I am a PhD student at Daily Activity Lab at the University of Texas at Austin. I am interested in leveraging wearable/mobile sensors and machine learning algorithms to analyze and model human signals. In particular, I study the (stress) signals from mother-infant pairs collected longitudinally through their daily interactions. I am supervised by Prof. Kaya de Barbaro and Prof. Edison Thomaz.
“In-the-wild” dataset and individual differences are two characteristics in my research. “In-the-wild” datasets are much noisier and harder to work with comparing to lab data, but they reflect and better model our real world. I intend to build models that can detail individual differences as in health-related applications, it is not enough to have a satisfactory mean accuracy. The model needs to be good with each data point.
I have worked with motion and audio sensors extensively and developed models for parent holding behaviors, parent affect classification and infant crying/fussing classification.
PhD in Electrical and Computer Engineering, 2023 (Expected)

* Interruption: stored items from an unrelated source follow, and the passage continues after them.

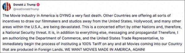 特朗普声称,美国的电影业正在“迅速消亡”,其他国家正在提供各种各样的激励措施,以吸引电影制作人和工作室离开美国。“好莱坞和美国的许多其他领域正遭受重创。这是其他国家共同筹划的行动,构成了对国家安全的威胁,”他写道,“我们要电影再次在美国制作!”
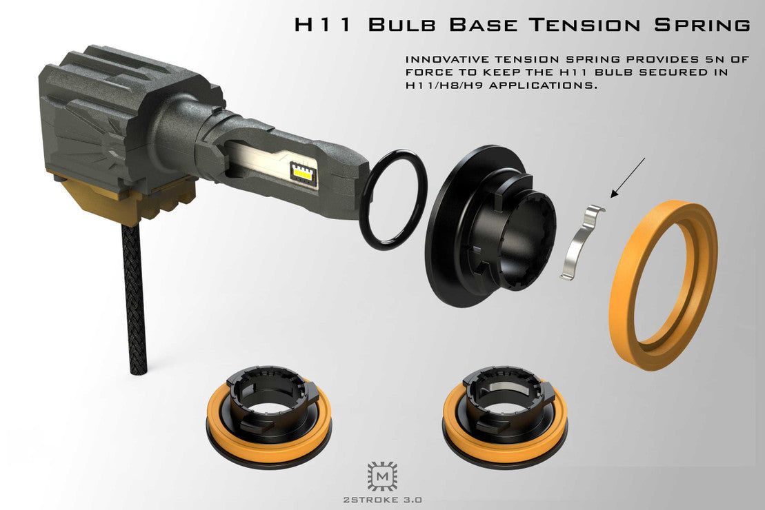 H11 TENSION SPRING: The H11/H9 version of the 2Stroke 3.0 has a particularly special bulb base that's spec'd with an OE-standard tension spring. This pushes the entire bulb base downward with 5nm of force, resulting in a bulb that's been properly seated according to the needs of optics. The tooling required to produce these parts alone was extremely expensive. You'll be hard pressed to find another brand who cares enough to make that kind of investment on this often-overlooked feature.
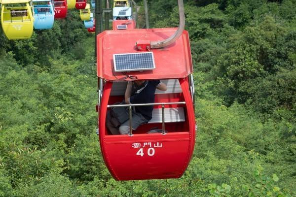 云门山缆车线路长约800米,乘坐起来可以看到对面五颜六色的小缆车。缆车是没有玻璃的,所以也可以尽情的呼吸新鲜空气了。
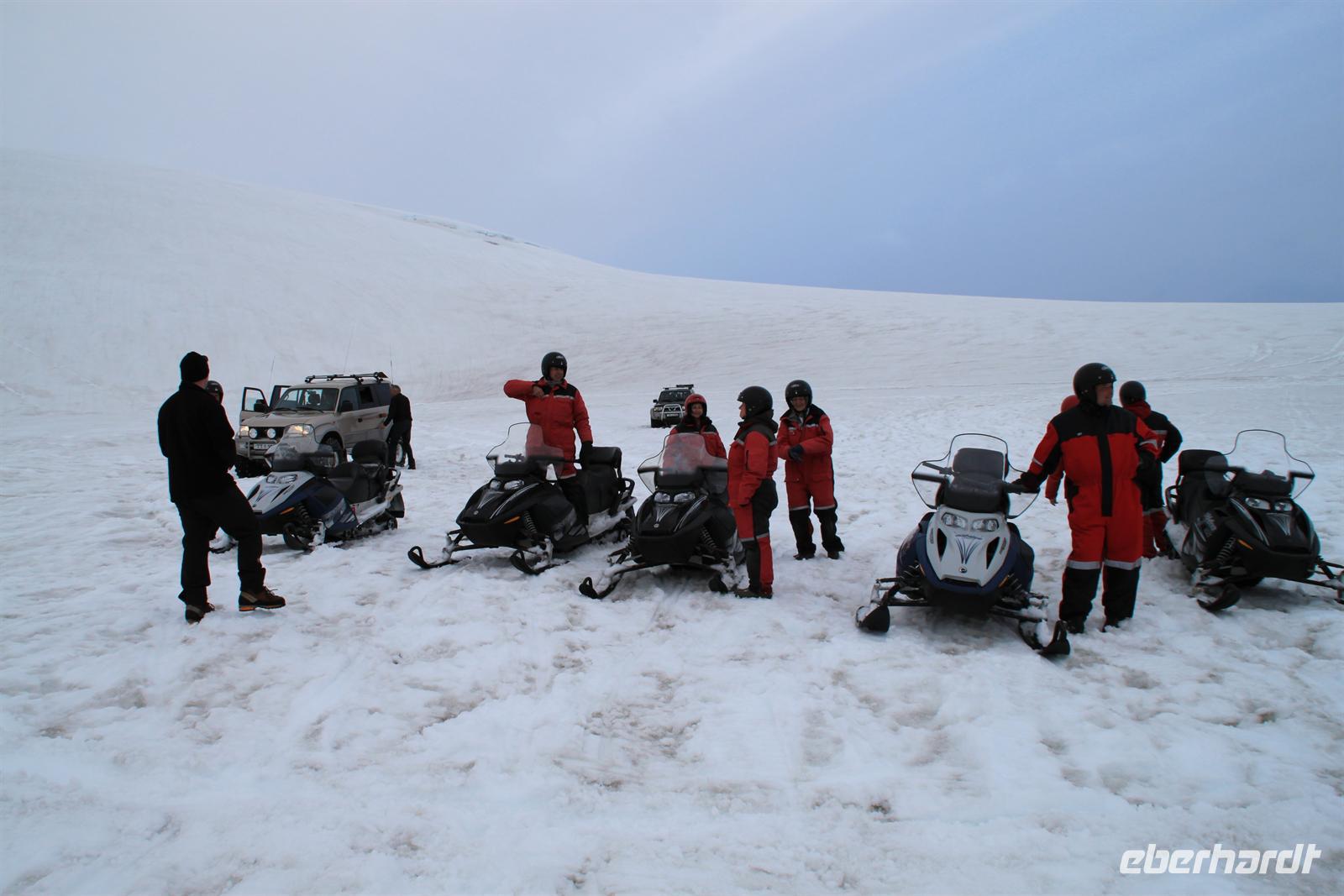 In Höfn, unserem Tagesziel, hatte jeder noch einen Moment für sich, bevor wir uns zum Spaziergang zum Restaurant trafen. Die meisten waren schon mit Wintermontur ausgestattet, denn wir hatten noch ein weiteres Highlight an diesem Abend auf dem Plan. Nach dem Essen wurden wir von zwei Jeeps abgeholt und auf ging es zum Vatnajökull - dem größten Gletscher Europas. Nachdem sich die Jeeps den schweren Weg zur Bergstation geschlängelt hatten, stieg ungefähr die Hälfte von uns auf Schneemobile um, um den Gletscher aus nächster Nähe zu erleben. Der Rest setzte den Weg mit den Jeeps fort. Auf dem Gletscher trafen sich dann alle zu einer Schneeballschlacht und um die Weite des drittgrößten Gletschers der Welt zu bestaunen. Einer der Guides erzählte uns noch einiges Wissenswertes über den Gletscher, ehe wir zurück zur Berghütte fuhren, wo ein echtes Gletscherbier auf uns wartete.
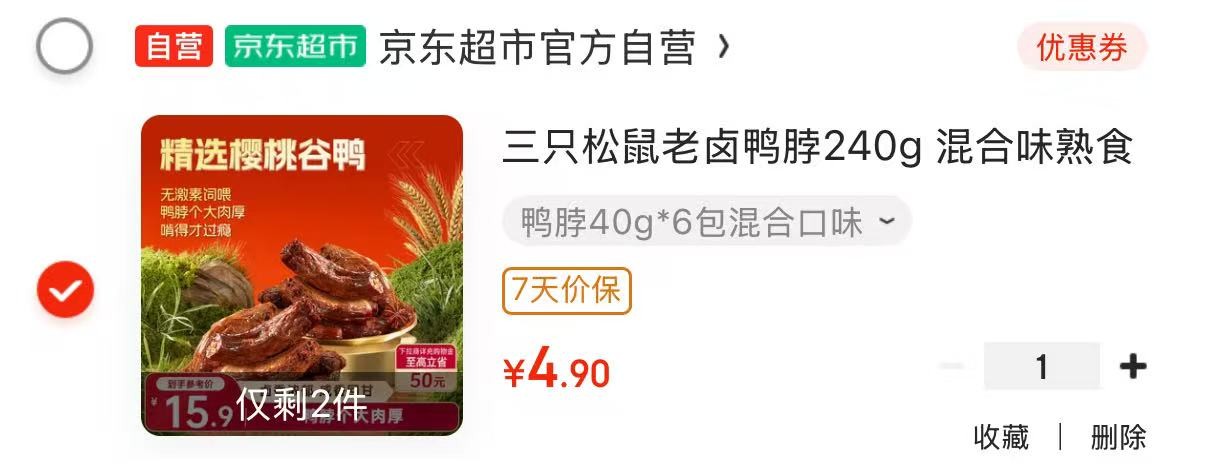三只松鼠 老卤鸭脖240g 混合味【4.9】
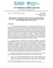 CE167/INF/2 - Reforma de la gobernanza de la OPS: Evaluación interna del proceso de aprobación de los proyectos financiados por contribuciones voluntarias
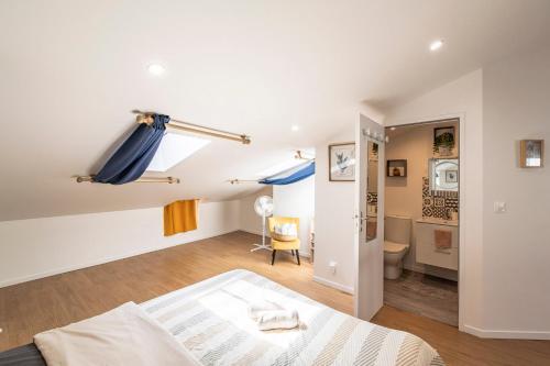 ![]() ![]() Ce studio est doté d'un coin repas, du chauffage ainsi que d'une salle de bains privative avec douche et sèche-cheveux. Vous pourrez préparer vos repas dans la cuisine bien équipée, munie de plaques de cuisson, d’un réfrigérateur, d’un micro-ondes et d’ustensiles. Ce studio dispose d'un plateau/bouilloire, d'un coin salon, de chocolats et d'une télévision à écran plat avec des services de streaming. Ce logement comprend 1 lit. |

The University of Texas at Austin
MSc in Computer Science, 2018
Gerogia Institute of Technology
BEng in Information Engineering, 2016
City Univeristy of Hong Kong
Physical contact is critical for children’s physical and emotional growth and well-being. Previous studies of physical contact are limited to relatively short periods of direct observation and self-report methods. These methods limit researchers’ understanding of the natural variation in physical contact across families, and its specific impacts on child development. In this study we develop a mobile sensing platform that can provide objective, unobtrusive, and continuous measurements of physical contact in naturalistic home interactions. Using commercially available motion detectors, our model reaches an accuracy of 0.870 (std: 0.059) for a second-by-second binary classification of holding. In addition, we detail five assessment scenarios applicable to the development of activity recognition models for social science research, where required accuracy may vary as a function of the intended use. Finally, we propose a grand vision for leveraging mobile sensors to access high-density markers of multiple determinants of early parent-child interactions, with implications for basic science and intervention.

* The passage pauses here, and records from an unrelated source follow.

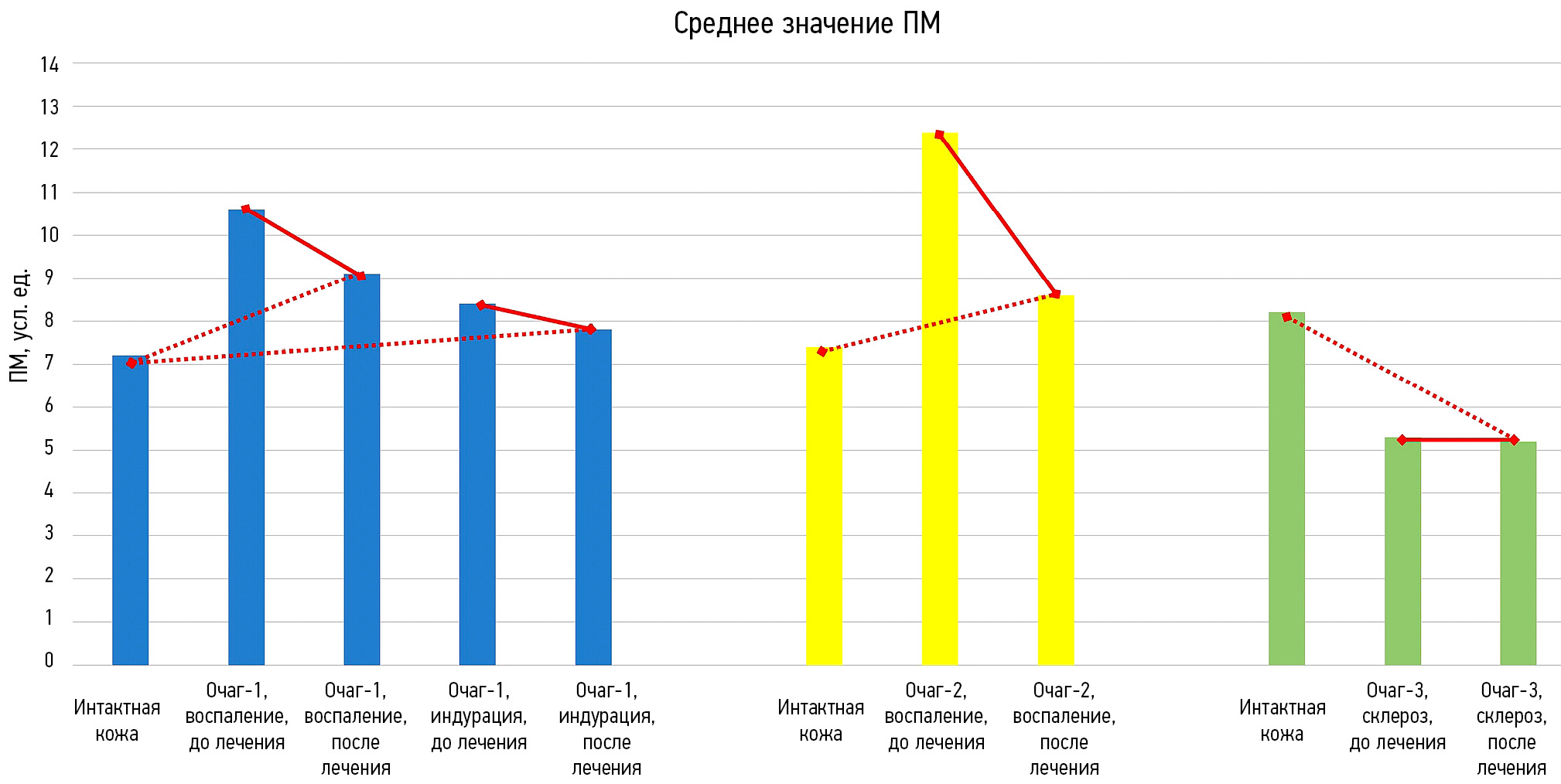 При анализе спектров флуоресценции и данных ЛДФ после лечения нами было обнаружено, что в зонах воспаления (очаг-1 и очаг-2) средние значения индексов флуоресценции порфиринов и липофусцина снижены относительно исходных значений (до лечения), однако остаются по-прежнему выше в сравнении с интактной кожей. Аналогичная динамика наблюдается при анализе среднего значения показателя микроциркуляции до и после лечения. В зоне индурации (очаг-1) также наблюдается умеренное снижение средних значений индексов флуоресценции коллагена (ηf =420 и ηf =455) относительно исходных значений (до лечения), при этом они по-прежнему остаются выше относительно интактной кожи. Полученные данные могут свидетельствовать о том, что активное воспаление в данных очагах на момент исследования сохраняется. При исследовании очага-3 полученные данные аутофлуоресценции и микроциркуляции в динамике значительно не отличаются от исходных значений.
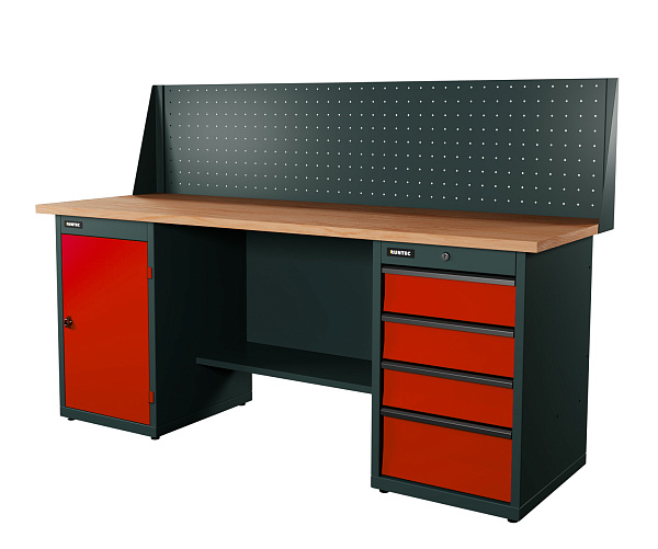 Верстак серии Industrial, 2000 мм, фанера, тумба с дверью + тумба с 4-мя ящиками, экран 500, красный RAL 3020, RUNTEC, RTI20F-TI0-TI4-P20-3020
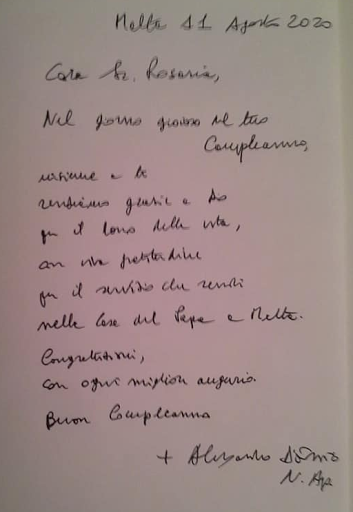 Oggi congratuliamo il Nunzio Appostolico S.E R. Mons. Alessandro D'Errico nel giorno del suo compleanno. A Voi Eccellenza Reverendissima esprimiamo i nostri più sentiti auguri
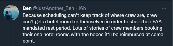 因为西南的后台系统严重瘫痪,四散各地的机组人员不光没有办法返工,连酒店房间都没法开;

This paper proposes an algorithm to perform privacy-preserving (PP) speaker recognition using Gaussian mixture models (GMM). We consider a scenario where the users have to enrol their voice biometric with the third-party service providers to access different services (i.e., banking). Once the enrolment is done, the users can authenticate themselves to the system using their voice instead of passwords. Since the voice is unique for individuals, storing the users’ voice features at the third-party server raises privacy concerns. Hence, in this paper we propose a novel technique using randomization to perform voice authentication, which allows users to enrol and authenticate their voice in the encrypted domain, hence privacy is preserved. To achieve this, we redesign the GMM to work on encrypted domain. The proposed algorithm is validated using the widely used TIMIT speech corpus. Experimental results demonstrate that the proposed PP algorithm does not degrade the performance compared to the non-PP method and achieve 96.16% true positive rate and 1.77% false positive rate. Demonstration on Android smartphone shows that the algorithm can be executed within two seconds with only 30% of CPU power.